3. Kak Eka

47 0 0
                                    

Lusa adalah closing acara sekolahku. Hari ini adalah hari terakhir pertandingan akan digelar. Aku dan teman-temanku sedang duduk di depan pintu hall sambil menikmati cemilan yang kami beli di stunt-stunt yang tersedia. Sebuah lagu mengalun di benakku tanpa berhenti. Bukan sebuah lagu baru tapi entah kenapa selalu berputar di kepalaku.

Lagu rindu ini kuciptakan
Hanya untuk bidadari hatiku tercinta
Walau hanya nada sederhana
Izinkanku ungkap segenap rasa dan kerinduan

"Len, itu bukannya Kak Eka?" Tanya Nadia, teman dekatku dari kelas XII-IPA-A. Aku menoleh ke arah Nadia. "Dimana?" Tanyaku tanpa semangat. "Di dalem hall. Barusan masuk lewat pintu sini lo gak liat?" Aku segera memasuki hall sendirian. Aku melihat sosok yang selalu aku rindukan dari kejauhan. Kak Eka. Deg. Seketika pikiranku berhenti, darahku mungkin sedang berhenti mengalir sesaat. Aku segera keluar dari hall dan memeluk Amira. Entah apa yang membuatku menangis di pelukan Amira. Teman-temanku mengerti apa yang terjadi padaku. Sudah lebih dari dua tahun belakangan aku jatuh cinta pada seseorang yang tak bisa mencintaiku.

Kak Eka adalah teman dekatku sewaktu aku SMP. Dia mengajakku untuk sekolah di sekolahnya. Akhirnya dia kembali menjadi kakak kelasku di SMA. Aku jatuh cinta padanya ketika hubungan kami saling menjauhi tanpa aku pernah tahu apa alasannya. Kak Eka lulus dari sekolahku hampir satu semester yang lalu, tapi aku masih sangat mencintainya. Aku selalu ingat bagaimana aku selalu ingin tahu keadaannya setiap hari. Aku tak pernah lupa bagaimana aku selalu memperhatikannya dari kejauhan. Tapi sekarang, kesempatan untuk melihat nya seperti sekarang ini adalah moment-moment paling berharga dalam hidupku.

Aku menghapus air mataku. Malu rasanya menangis di depan umum. "Gue harus apa nih?" Tanyaku pada teman-temanku yang disahuti dengan gelengan kepala. "Masuk ke hall yuk, gue mau liat Kak Eka dari jauh." Teman-temanku mengerti dan masuk ke dalam hall. Aku memperhatikan Kak Eka dari jauh.
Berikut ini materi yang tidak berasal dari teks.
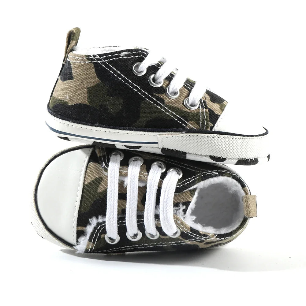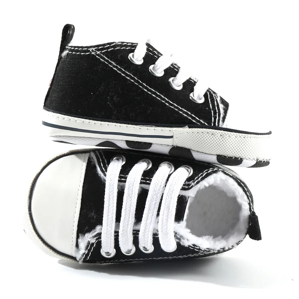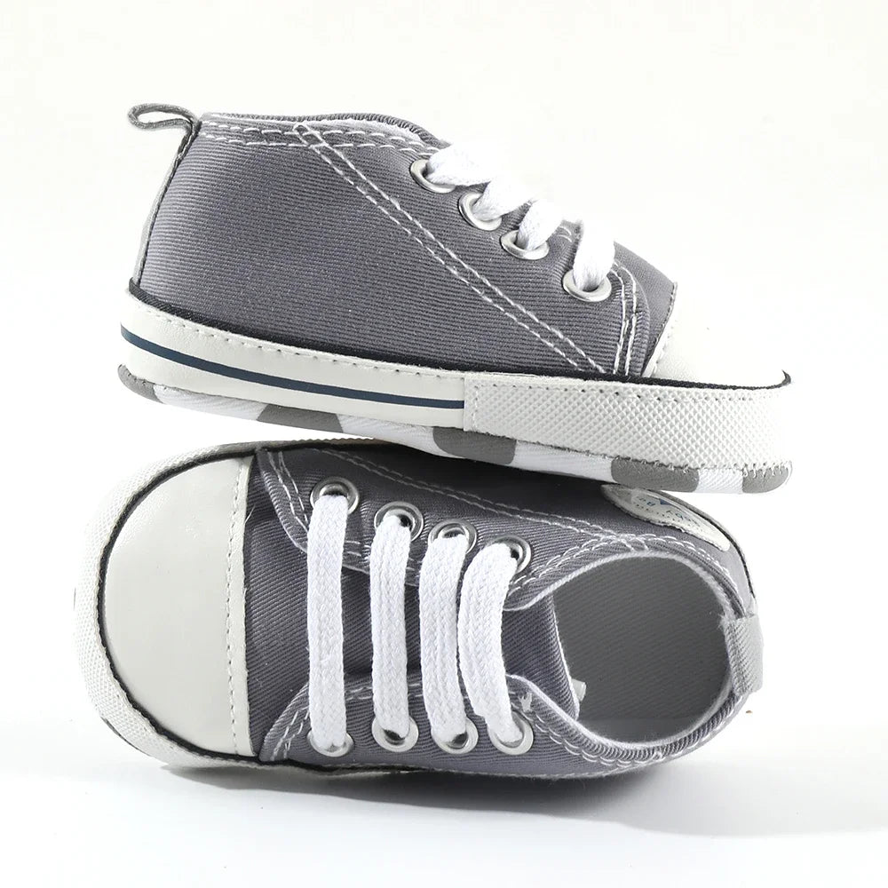 Crafted with a durable canvas material and featuring an anti-slip sole, these sneakers provide stability and support as your baby explores their surroundings. Whether it's playtime at home or a stroll in the park, these shoes offer comfort and security.

Kegiatan yang selalu aku lakukan beberapa bulan lalu. Kak Eka terlihat baik-baik saja bersama teman-temannya. Seandainya Kak Eka tahu bagaimana aku menahan perasaan ini sendirian. Aku tak pernah berharap banyak dari Kak Eka, aku nanya ingin dia kembali menjadi temanku. Kak Eka akhirnya keluar dari hall dan menghilang. Kesedihan menghampiriku ketika sosok itu tak lagi bisa dicapai oleh mataku. Lagu rindu kembali mengalun di kepalaku.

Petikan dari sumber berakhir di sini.